В этом форуме речь совсем не идет(можно правильно говорить так?) ....кроме того, что мы с Раскольником болтаем немного о русских женщин..  ::  
Какие у вас любимые русские писатели? 
У нас в букинисте очень много книг на русском...есть романы русских писателев, но я не знаю что купить. Советуйте кого-то хороший, а тоже легко понимать?  
У них тоже смешные книги, как учебник общей биологии для 10-ого класса. Кто-то на самом деле держал свои учебники так долго! Это книга из 60-х годов... 
Я читал английские переводы "Предступления и наказания" и тоже "Доктора Живаго". Они мне очень понравились. Они трудно понимать на русском? 
Кстати, я купил автобиографию М. Добужинского...кто он? Говорят, что он был знаменитым художником...вы слышали о нем? видно, у него много сказать о себе...первый том 400 стр. уже...лучше назвал "мэмуары"...

----------


## Anton Kuratnik

> В этом форуме речь совсем не идет(можно правильно говорить так?) ....

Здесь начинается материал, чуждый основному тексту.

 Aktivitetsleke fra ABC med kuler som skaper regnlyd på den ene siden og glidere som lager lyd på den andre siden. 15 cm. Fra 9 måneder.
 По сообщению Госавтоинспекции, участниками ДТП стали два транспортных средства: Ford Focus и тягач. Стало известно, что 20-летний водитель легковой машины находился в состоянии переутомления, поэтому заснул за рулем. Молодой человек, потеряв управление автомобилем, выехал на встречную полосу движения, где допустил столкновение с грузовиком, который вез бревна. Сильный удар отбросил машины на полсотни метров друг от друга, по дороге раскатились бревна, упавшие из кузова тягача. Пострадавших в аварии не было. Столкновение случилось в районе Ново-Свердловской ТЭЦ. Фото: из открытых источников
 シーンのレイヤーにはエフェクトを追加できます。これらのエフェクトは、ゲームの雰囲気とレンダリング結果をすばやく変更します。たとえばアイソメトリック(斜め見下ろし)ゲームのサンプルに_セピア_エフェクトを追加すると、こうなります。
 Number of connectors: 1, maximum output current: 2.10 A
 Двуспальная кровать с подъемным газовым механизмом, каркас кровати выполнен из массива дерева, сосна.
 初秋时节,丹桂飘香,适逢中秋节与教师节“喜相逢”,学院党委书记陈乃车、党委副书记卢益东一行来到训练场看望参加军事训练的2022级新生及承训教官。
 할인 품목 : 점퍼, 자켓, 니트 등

 Нет, нельзя. Можно сказать "происходит". Также советую поменять местами так и говорить. Так правильнее будет.   

> мы с Раскольником болтаем немного о русских женщин..

 женщинАХ. Множественное число.   

> Советуйте кого-то хороший, а тоже легко понимать?

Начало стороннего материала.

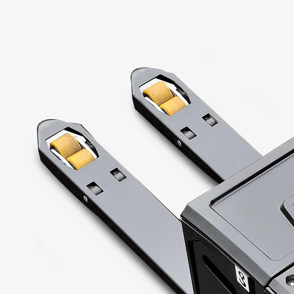 Top quality hydraulic power unit applied to provide low noise, low vibration, smooth lifting and landing reliable operation. Punch formed forks to provide more strength and tip guide to provide higher efficient operation.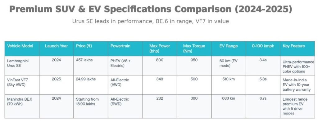 India’s automotive landscape is undergoing a seismic shift toward premium performance and electrification. The convergence of three distinct market forces—ultra-luxury performance hybridisation, mid-premium electric SUV accessibility, and indigenous EV manufacturing—is creating an unprecedented moment for luxury vehicle buyers. The Lamborghini Urus SE, VinFast VF7, and Mahindra BE.6 represent three different yet complementary approaches to capturing this expanding market, each targeting distinct buyer personas while signalling where India’s automotive future is heading.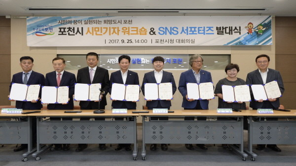 경기 포천시는 지난 25일 시청 대회의실에서 시민과 소통할 수 있는 다양한 콘텐츠를 취재하고, 시정 소식을 전하는 데 앞장설 ‘SNS 서포터즈’의 발대식을 개최했다. 사진은 김종천 시장(왼쪽에서 네번째) 등의 관계자들이 발대식 후 기념촬영을 하는 모습.(사진제공=포천시청)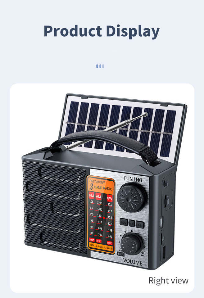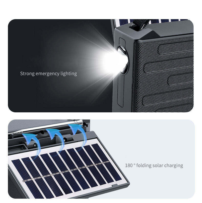 Radio Solar de Fábrica con Bluetooth 5.0, AM/FM/SW, 3 Bandas, Automática, 162.2×105.8×76mm, 500g, Carga Solar, Linterna, Radio de Audio para Exteriores y Hogar
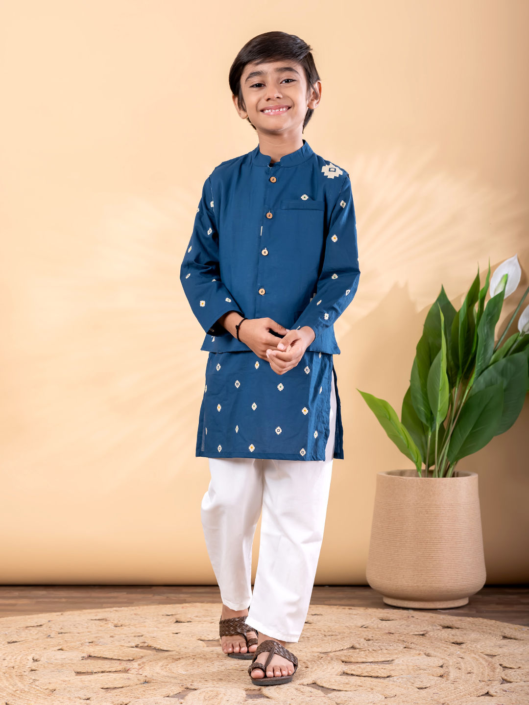 Boys straight style cotton fabric teal color kurta and pyjama with nehru jacket

 хорошЕГО. =) Я бы посоветовал Стругацких. Я их просто обожаю. Ну, и конечно, Пушкина. Пушкин - это классика.   

> Они трудно понимать на русском?

 Их, не "они". Я не знаю, не читал, но наверное нет. Большинство переводов написаны на простом языке.   

> Говорят, что он был знаменитым художником...вы слышали о нем? видно, у него много сказать о себе...первый том 400 стр. уже...лучше назвал "мэмуары"...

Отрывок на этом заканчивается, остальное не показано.